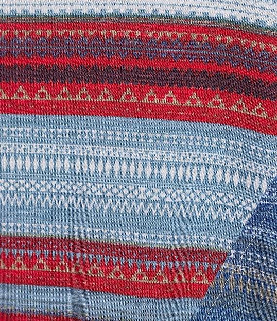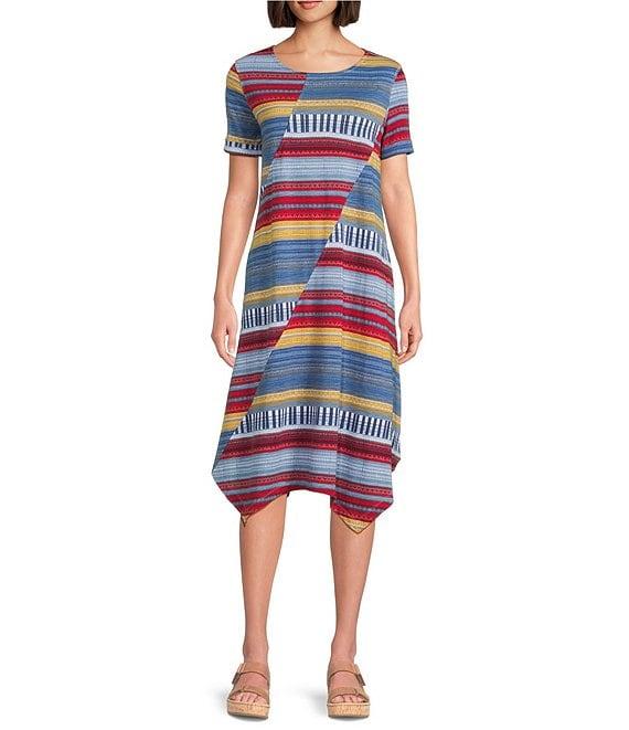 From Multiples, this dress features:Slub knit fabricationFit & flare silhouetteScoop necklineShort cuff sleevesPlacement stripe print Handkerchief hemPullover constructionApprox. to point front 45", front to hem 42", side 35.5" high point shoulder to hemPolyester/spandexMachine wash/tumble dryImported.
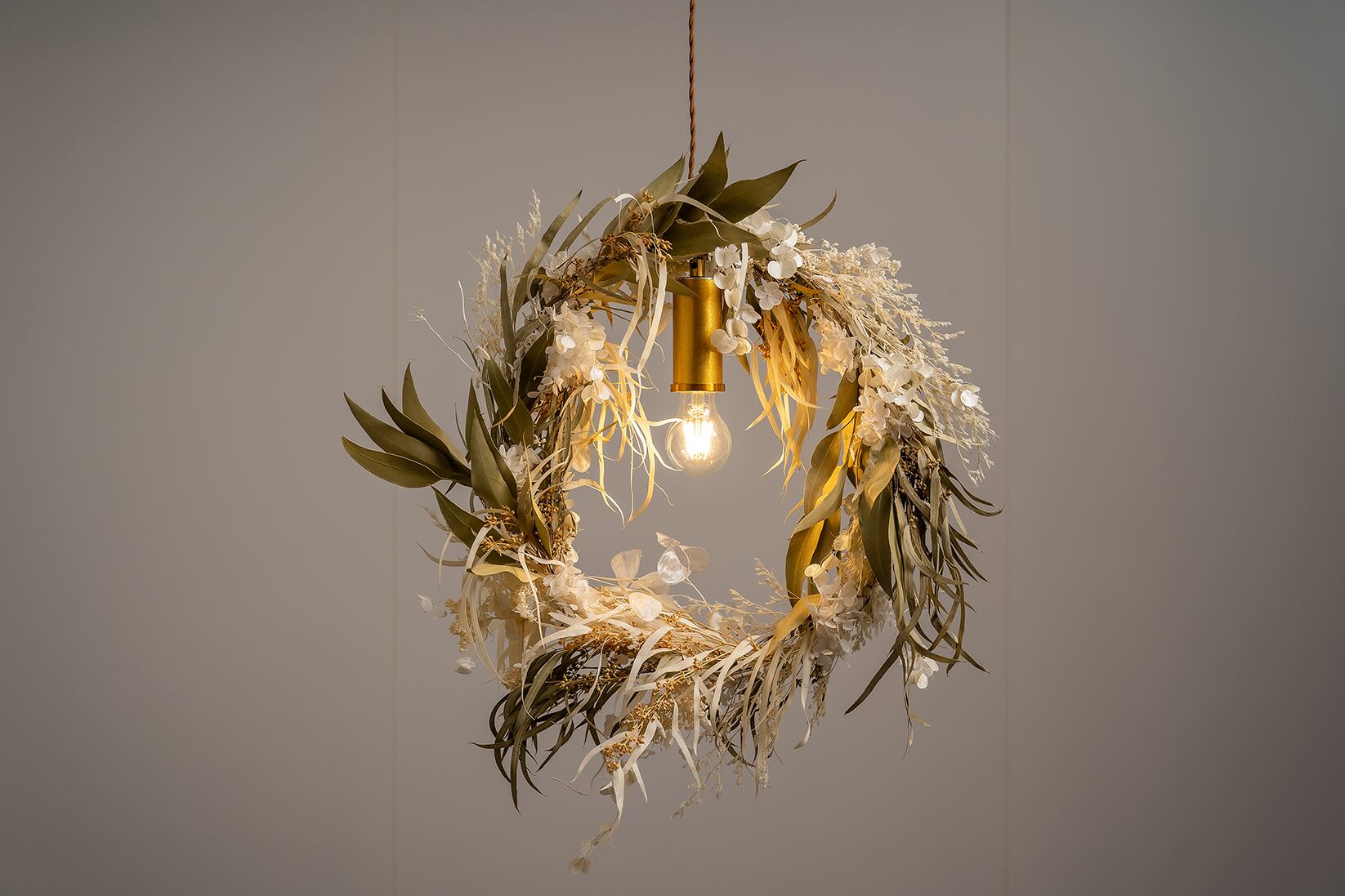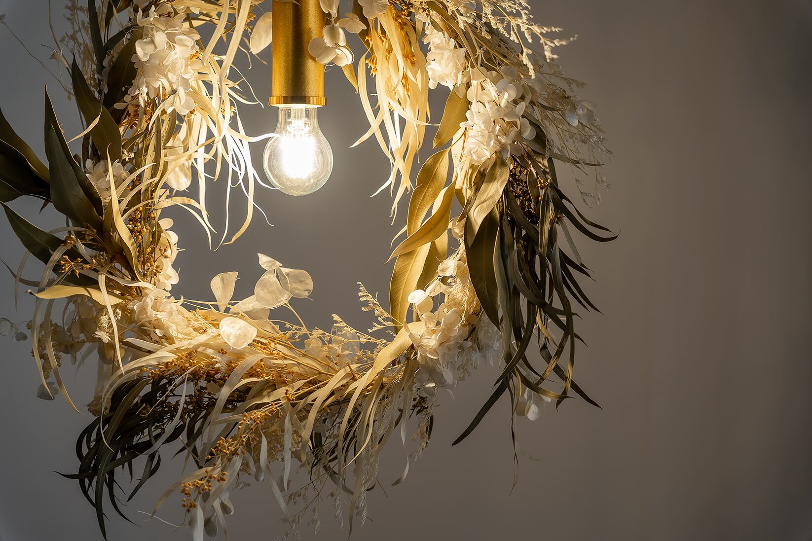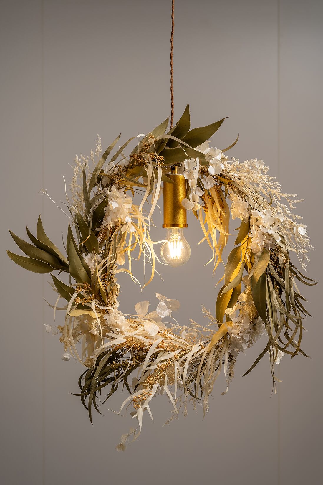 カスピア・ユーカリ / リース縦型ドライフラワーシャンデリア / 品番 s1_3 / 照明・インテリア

────────────────────────────────────────

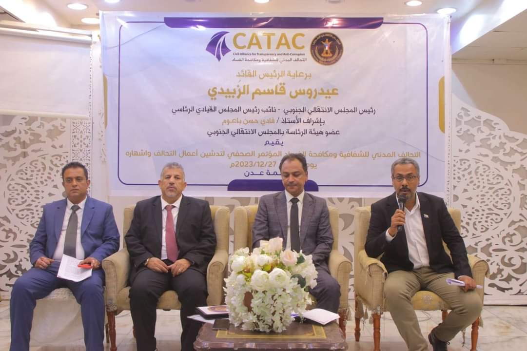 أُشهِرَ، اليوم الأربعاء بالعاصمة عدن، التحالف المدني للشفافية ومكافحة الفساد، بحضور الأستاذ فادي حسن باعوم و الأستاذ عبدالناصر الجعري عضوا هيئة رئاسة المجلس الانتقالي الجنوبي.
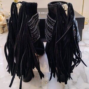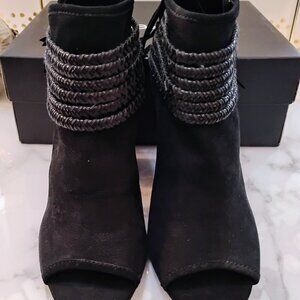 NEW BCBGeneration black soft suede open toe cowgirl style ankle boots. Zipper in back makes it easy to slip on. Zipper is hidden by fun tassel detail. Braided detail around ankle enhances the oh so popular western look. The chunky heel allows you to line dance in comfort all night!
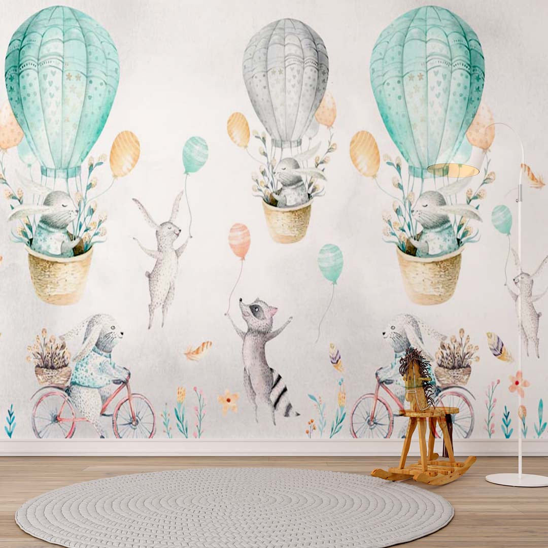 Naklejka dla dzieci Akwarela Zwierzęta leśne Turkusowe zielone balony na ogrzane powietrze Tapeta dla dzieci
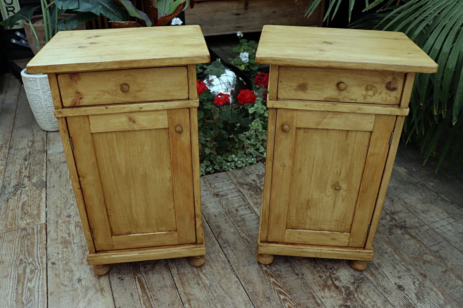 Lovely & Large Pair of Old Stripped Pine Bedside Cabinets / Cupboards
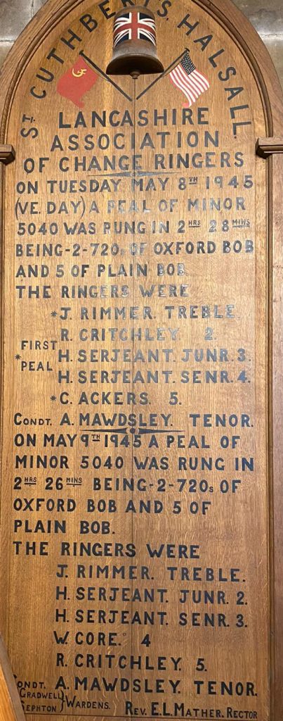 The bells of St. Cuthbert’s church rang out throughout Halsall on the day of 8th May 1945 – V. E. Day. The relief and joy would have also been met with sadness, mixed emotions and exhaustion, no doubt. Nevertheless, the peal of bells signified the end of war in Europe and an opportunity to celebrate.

────────────────────────────────────────

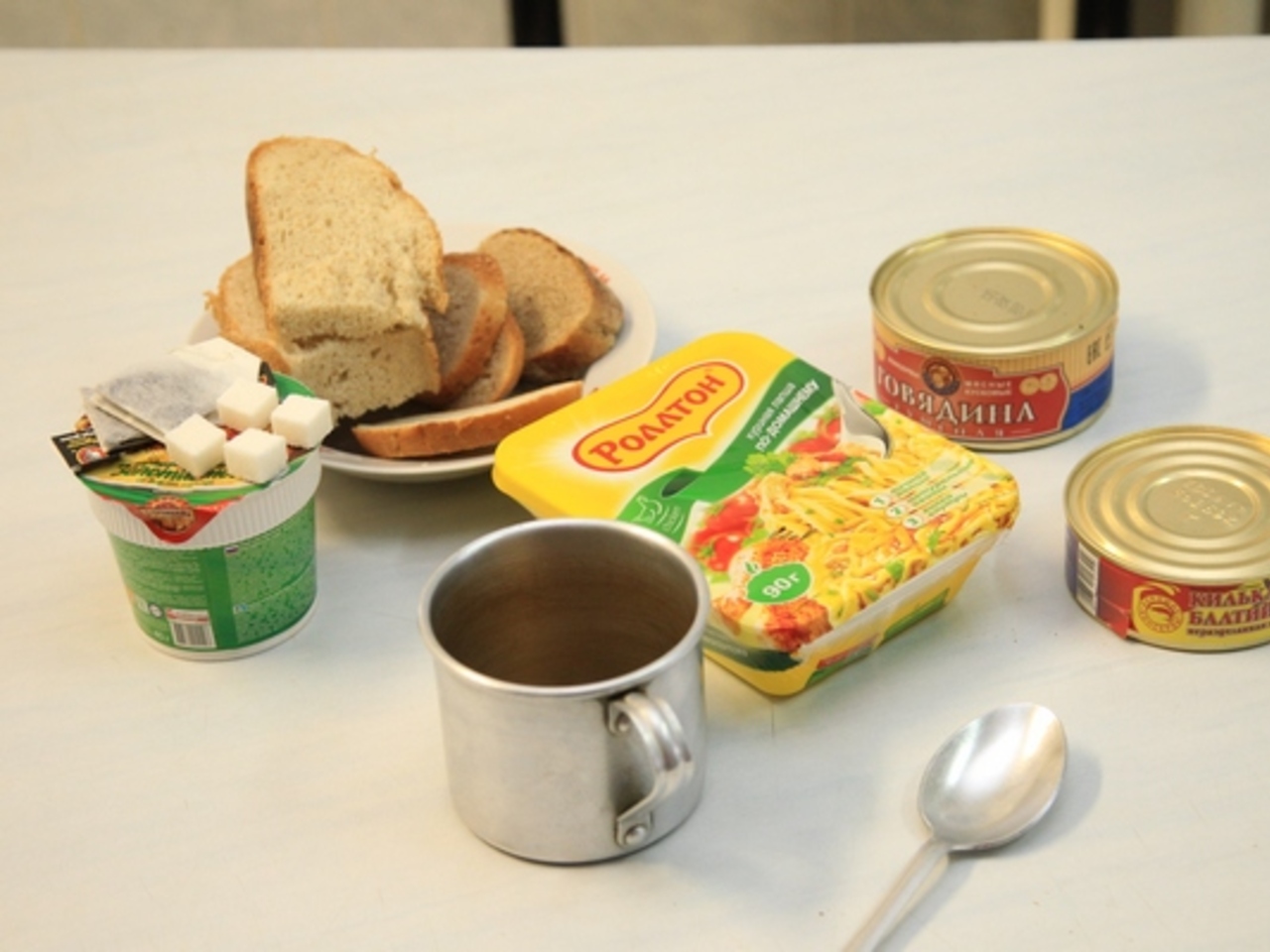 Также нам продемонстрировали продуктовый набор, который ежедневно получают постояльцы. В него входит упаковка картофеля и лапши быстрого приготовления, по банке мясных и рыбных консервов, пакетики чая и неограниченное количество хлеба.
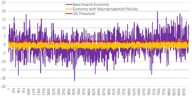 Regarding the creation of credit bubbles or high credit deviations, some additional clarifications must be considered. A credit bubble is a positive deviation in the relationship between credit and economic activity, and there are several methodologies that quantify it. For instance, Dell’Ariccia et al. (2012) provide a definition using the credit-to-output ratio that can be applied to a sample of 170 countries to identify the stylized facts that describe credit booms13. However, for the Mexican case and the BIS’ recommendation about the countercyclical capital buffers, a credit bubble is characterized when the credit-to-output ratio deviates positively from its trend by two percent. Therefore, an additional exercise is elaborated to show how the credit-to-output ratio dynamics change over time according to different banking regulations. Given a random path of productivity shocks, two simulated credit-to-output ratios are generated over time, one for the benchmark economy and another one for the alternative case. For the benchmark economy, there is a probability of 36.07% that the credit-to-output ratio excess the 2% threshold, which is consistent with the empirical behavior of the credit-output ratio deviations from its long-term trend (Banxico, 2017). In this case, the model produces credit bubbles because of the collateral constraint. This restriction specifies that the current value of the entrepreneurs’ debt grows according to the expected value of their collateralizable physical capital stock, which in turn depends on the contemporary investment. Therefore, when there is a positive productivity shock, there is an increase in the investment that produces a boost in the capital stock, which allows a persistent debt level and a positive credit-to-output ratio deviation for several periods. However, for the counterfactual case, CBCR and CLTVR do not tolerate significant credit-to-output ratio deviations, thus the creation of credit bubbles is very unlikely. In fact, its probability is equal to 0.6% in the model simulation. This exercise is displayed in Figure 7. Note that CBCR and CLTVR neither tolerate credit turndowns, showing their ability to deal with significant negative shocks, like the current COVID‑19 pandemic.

────────────────────────────────────────

> _Activity_: Among the lines above, the one with "Naklejka dla dzieci" opens the part to repeat and the one with "The bells of" closes it; repeat only that part exactly, with no pictures.

> _Solution for this problem_:
 Naklejka dla dzieci Akwarela Zwierzęta leśne Turkusowe zielone balony na ogrzane powietrze Tapeta dla dzieci
 Lovely & Large Pair of Old Stripped Pine Bedside Cabinets / Cupboards
 The bells of St. Cuthbert’s church rang out throughout Halsall on the day of 8th May 1945 – V. E. Day. The relief and joy would have also been met with sadness, mixed emotions and exhaustion, no doubt. Nevertheless, the peal of bells signified the end of war in Europe and an opportunity to celebrate.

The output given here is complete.